>>>
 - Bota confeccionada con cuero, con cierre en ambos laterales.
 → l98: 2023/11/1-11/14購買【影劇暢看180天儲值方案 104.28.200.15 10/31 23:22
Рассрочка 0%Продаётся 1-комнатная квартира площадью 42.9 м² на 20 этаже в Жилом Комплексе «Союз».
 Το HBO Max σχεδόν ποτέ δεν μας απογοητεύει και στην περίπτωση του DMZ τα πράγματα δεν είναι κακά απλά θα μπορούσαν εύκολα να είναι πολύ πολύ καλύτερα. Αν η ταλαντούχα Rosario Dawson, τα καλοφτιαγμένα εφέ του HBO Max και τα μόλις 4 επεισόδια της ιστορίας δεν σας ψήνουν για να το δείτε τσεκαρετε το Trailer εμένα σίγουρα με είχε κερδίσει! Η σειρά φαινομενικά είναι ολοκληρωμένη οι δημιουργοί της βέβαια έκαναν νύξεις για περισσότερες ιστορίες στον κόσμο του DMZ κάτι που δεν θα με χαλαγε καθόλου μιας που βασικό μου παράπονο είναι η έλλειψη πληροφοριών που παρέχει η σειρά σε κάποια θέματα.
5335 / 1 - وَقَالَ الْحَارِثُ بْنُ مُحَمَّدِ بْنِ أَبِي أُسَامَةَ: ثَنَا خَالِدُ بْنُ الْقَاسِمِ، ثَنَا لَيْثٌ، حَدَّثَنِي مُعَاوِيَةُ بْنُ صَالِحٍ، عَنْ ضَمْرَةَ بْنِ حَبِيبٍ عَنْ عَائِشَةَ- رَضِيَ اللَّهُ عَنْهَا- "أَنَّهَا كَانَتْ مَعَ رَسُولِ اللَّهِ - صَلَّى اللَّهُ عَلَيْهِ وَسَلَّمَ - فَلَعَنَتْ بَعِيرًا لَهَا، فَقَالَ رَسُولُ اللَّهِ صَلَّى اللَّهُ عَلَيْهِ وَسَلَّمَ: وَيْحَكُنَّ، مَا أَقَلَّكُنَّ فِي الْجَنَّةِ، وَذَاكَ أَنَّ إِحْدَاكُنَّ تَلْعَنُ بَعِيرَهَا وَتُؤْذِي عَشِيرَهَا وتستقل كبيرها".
<<<
>>>
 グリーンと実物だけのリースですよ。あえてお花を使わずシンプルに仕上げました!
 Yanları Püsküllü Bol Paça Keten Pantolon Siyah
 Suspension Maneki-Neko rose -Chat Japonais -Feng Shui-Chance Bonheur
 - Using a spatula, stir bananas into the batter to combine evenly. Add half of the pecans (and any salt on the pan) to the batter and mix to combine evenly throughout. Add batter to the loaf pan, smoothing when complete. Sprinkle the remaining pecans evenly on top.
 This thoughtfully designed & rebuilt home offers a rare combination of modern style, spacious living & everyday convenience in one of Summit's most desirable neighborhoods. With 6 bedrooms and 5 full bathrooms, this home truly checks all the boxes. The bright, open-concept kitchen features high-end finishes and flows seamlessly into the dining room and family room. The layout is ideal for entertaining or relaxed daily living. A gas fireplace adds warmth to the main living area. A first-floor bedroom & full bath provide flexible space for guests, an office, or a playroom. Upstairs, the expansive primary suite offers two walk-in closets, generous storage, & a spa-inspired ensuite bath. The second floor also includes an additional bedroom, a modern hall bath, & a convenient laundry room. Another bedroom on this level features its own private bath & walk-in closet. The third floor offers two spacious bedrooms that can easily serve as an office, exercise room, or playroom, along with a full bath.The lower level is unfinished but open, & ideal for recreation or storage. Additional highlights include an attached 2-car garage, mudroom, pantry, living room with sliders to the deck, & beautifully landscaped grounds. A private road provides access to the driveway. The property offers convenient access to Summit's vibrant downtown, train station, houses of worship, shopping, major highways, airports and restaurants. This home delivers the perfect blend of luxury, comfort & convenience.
<<<
== ACTION ITEM ==
The stretch of entries above that starts with the line containing "- Bota confeccionada" and goes on through the line containing "Рассрочка 0%Продаётся 1-комнатная" is to be transcribed exactly, and no other line is to be transcribed.

== ANSWER FOR THE TASK ==
 - Bota confeccionada con cuero, con cierre en ambos laterales.
 → l98: 2023/11/1-11/14購買【影劇暢看180天儲值方案 104.28.200.15 10/31 23:22
Рассрочка 0%Продаётся 1-комнатная квартира площадью 42.9 м² на 20 этаже в Жилом Комплексе «Союз».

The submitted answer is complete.